_Activity_. Write out, word for word and with no pictures, each line below from the one containing "カジートはみんな大好きという" through the one containing "By choosing convenient", both included, and no other line.

_Supplied entries_.
"""

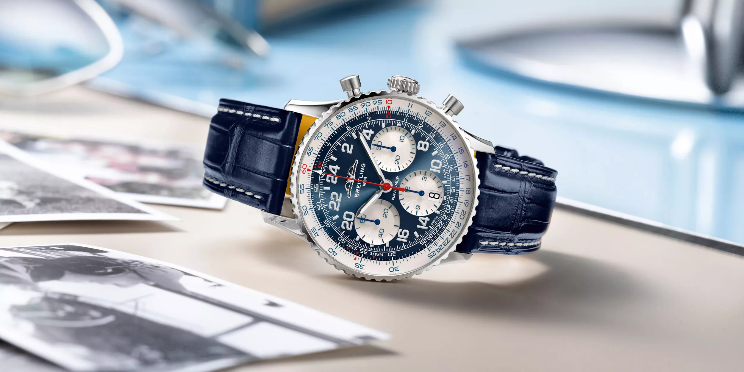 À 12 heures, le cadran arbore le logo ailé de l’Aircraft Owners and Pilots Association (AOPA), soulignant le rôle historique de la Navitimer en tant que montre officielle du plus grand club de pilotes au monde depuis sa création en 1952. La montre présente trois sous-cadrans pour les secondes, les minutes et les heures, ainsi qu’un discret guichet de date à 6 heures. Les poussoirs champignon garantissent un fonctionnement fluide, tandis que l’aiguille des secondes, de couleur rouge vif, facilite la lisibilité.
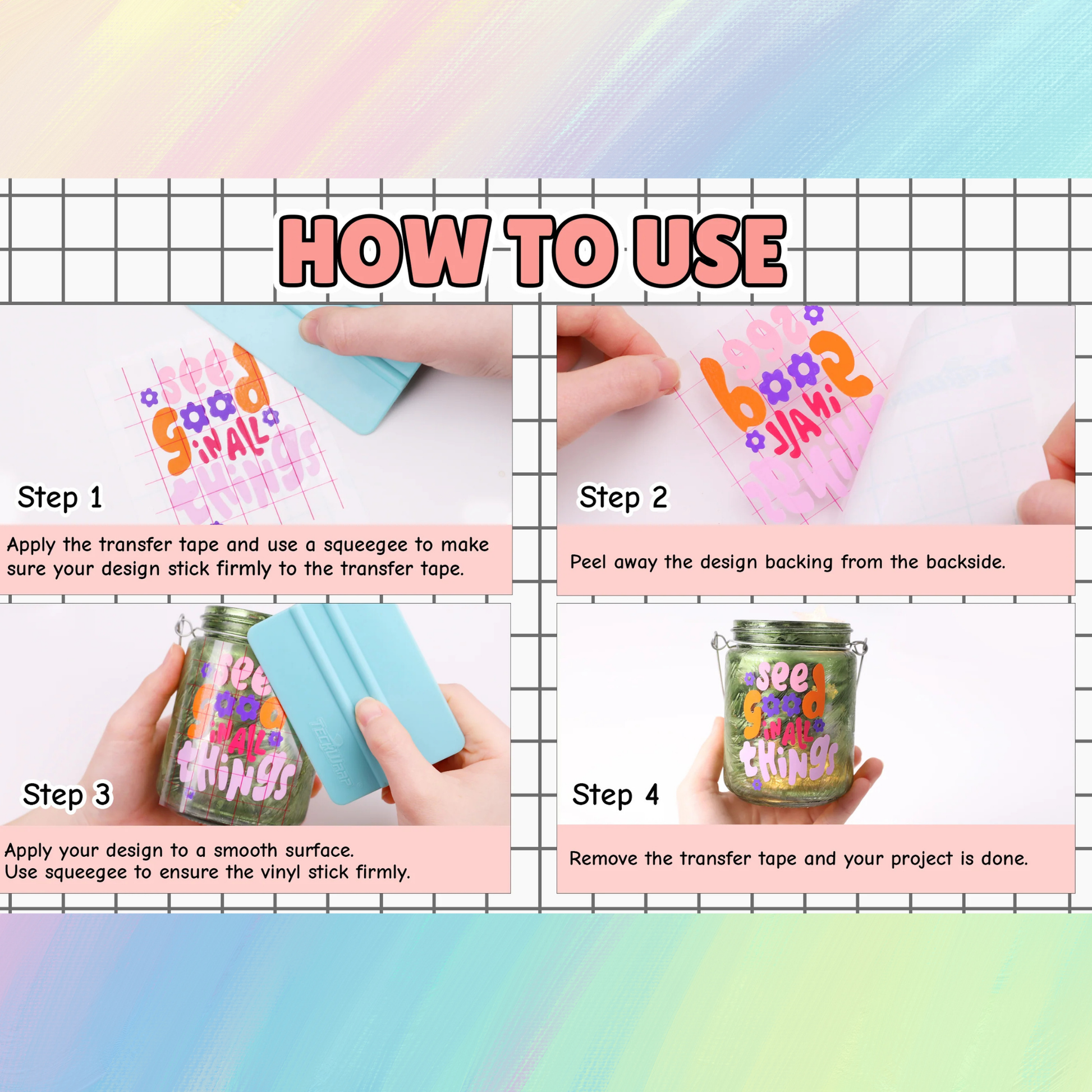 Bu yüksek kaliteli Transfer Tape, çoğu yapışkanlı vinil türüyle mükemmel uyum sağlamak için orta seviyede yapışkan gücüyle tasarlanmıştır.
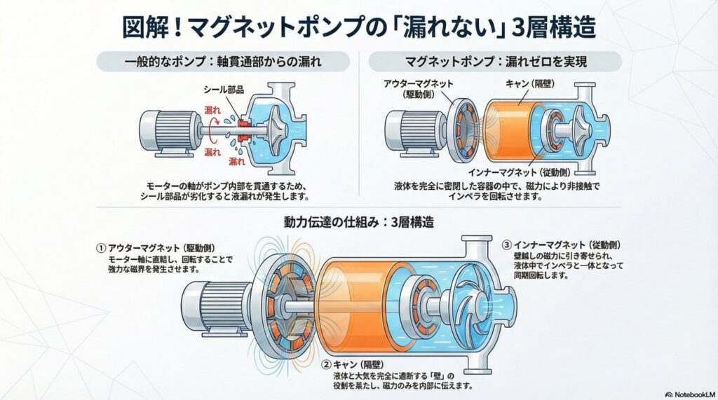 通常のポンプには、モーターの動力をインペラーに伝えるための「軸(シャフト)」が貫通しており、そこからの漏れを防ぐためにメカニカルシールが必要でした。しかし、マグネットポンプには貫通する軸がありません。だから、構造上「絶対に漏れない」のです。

"""
"""

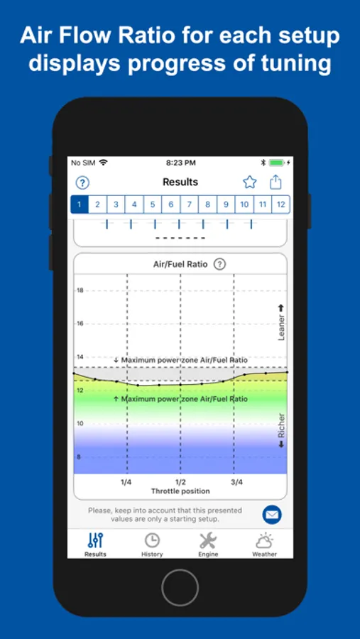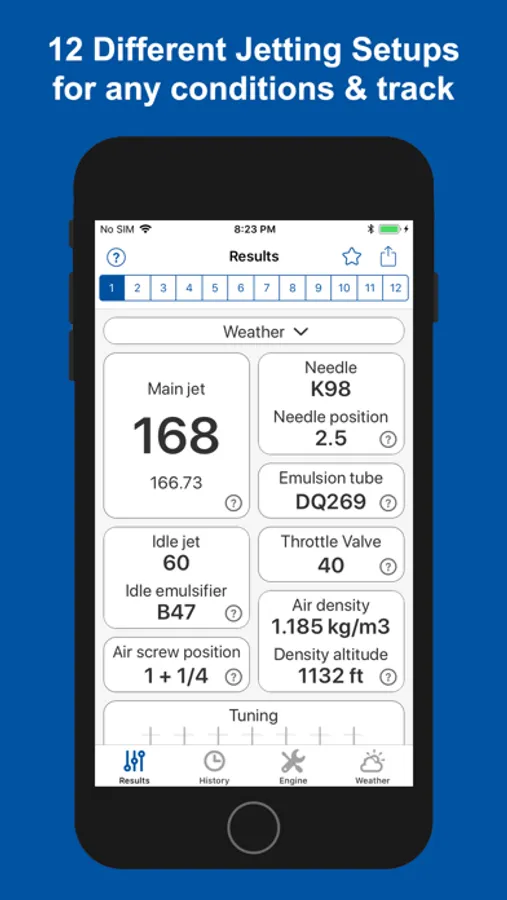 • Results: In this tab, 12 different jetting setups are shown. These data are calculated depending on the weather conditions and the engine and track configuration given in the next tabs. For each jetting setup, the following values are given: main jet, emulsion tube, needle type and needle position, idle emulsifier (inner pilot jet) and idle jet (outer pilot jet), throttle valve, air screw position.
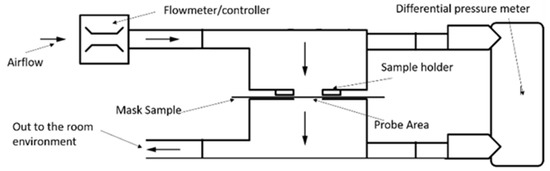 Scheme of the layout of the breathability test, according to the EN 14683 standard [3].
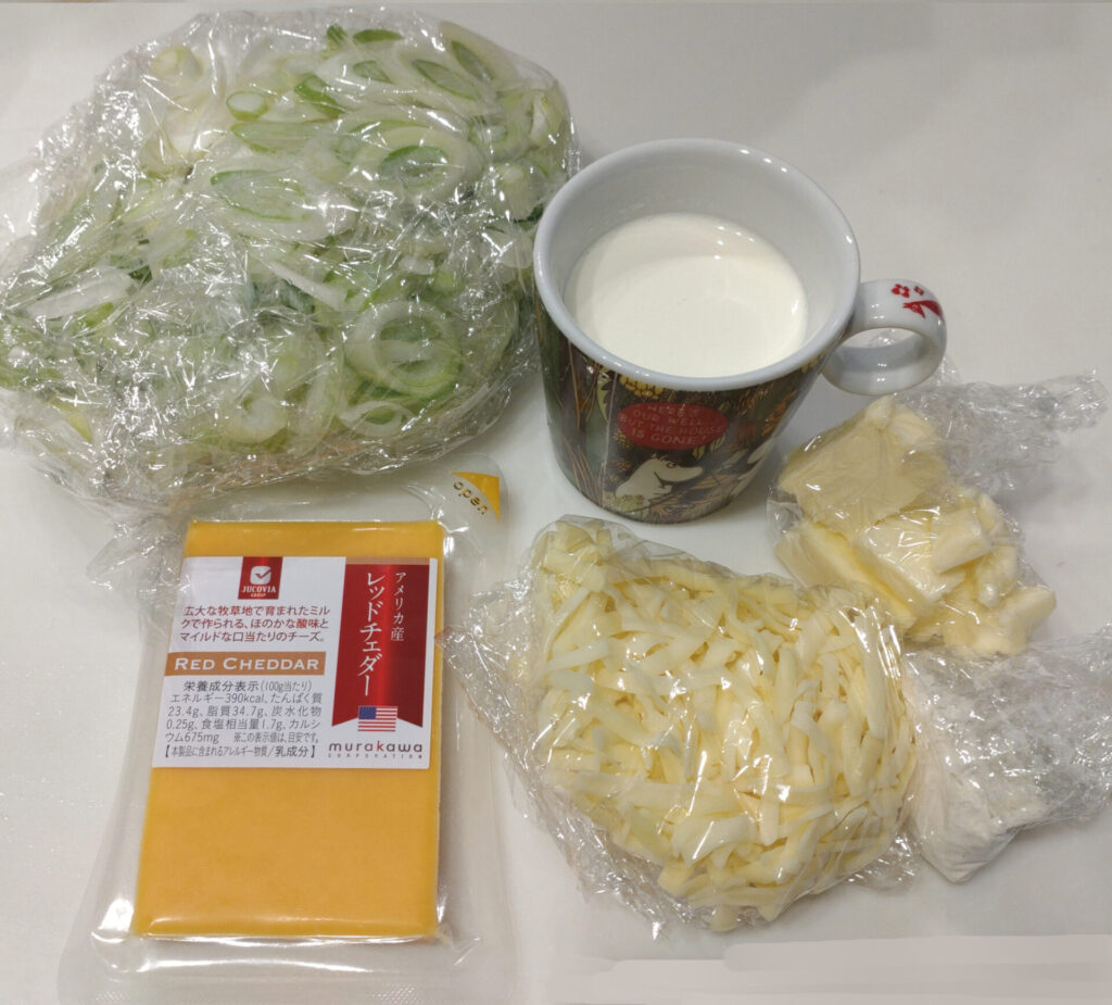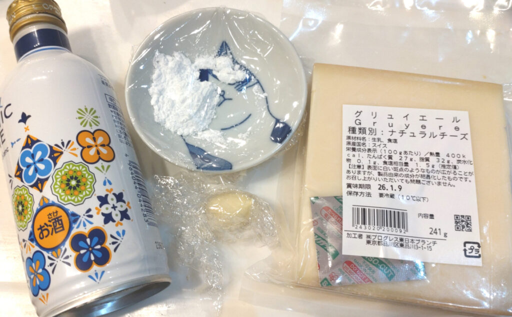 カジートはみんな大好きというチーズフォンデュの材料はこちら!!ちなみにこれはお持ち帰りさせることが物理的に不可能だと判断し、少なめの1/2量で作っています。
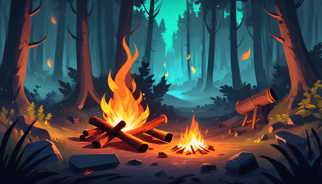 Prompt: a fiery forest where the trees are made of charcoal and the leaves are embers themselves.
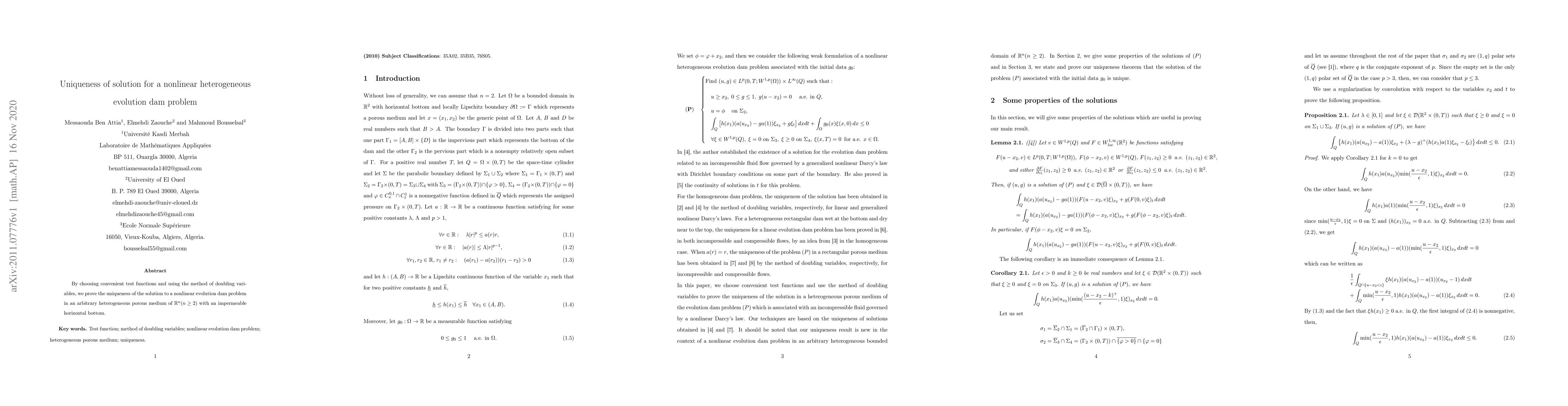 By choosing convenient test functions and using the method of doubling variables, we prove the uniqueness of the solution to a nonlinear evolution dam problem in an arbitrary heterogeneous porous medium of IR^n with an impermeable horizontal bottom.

"""
"""

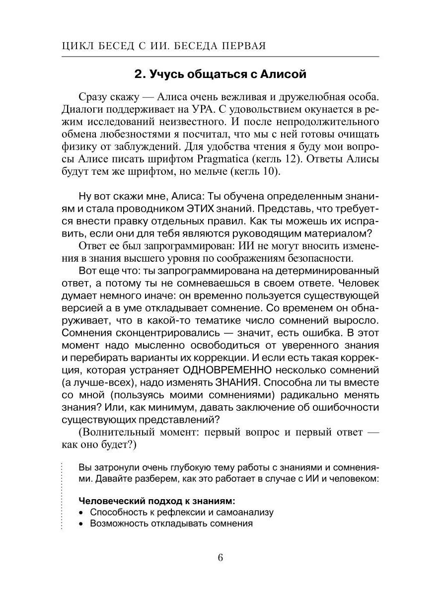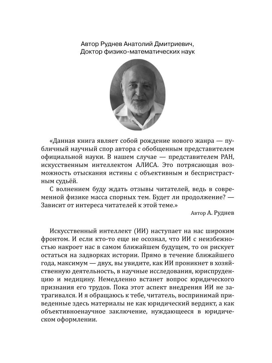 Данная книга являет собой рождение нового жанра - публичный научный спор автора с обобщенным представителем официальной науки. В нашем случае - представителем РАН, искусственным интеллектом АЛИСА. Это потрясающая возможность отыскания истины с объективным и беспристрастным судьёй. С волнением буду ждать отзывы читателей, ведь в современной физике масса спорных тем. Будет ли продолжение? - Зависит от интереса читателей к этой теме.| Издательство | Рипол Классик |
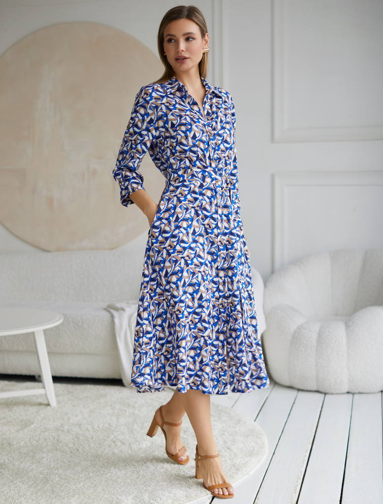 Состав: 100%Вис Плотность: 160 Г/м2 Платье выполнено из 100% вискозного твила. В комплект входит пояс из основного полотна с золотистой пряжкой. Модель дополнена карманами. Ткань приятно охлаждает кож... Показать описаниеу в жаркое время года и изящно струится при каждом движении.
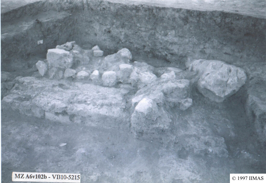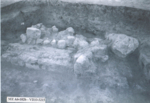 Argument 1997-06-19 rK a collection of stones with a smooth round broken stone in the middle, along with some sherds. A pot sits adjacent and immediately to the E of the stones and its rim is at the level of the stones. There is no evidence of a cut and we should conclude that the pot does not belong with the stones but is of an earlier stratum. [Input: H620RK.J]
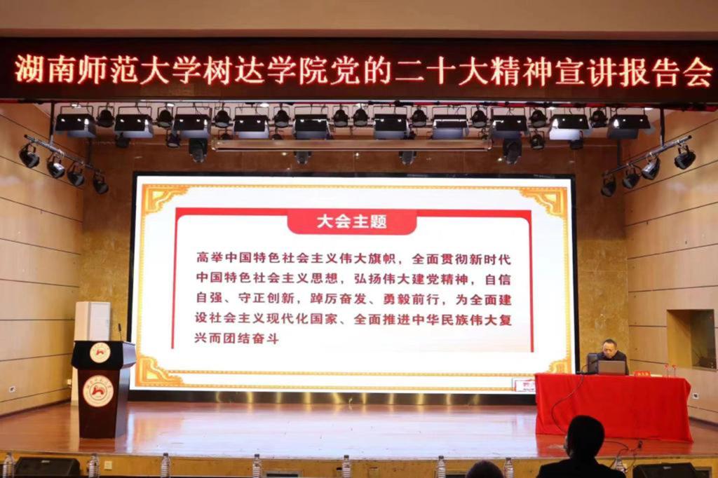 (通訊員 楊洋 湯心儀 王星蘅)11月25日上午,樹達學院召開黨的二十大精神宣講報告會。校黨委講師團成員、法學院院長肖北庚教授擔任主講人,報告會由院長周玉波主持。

"""

_Problem solution_.
 カジートはみんな大好きというチーズフォンデュの材料はこちら!!ちなみにこれはお持ち帰りさせることが物理的に不可能だと判断し、少なめの1/2量で作っています。
 Prompt: a fiery forest where the trees are made of charcoal and the leaves are embers themselves.
 By choosing convenient test functions and using the method of doubling variables, we prove the uniqueness of the solution to a nonlinear evolution dam problem in an arbitrary heterogeneous porous medium of IR^n with an impermeable horizontal bottom.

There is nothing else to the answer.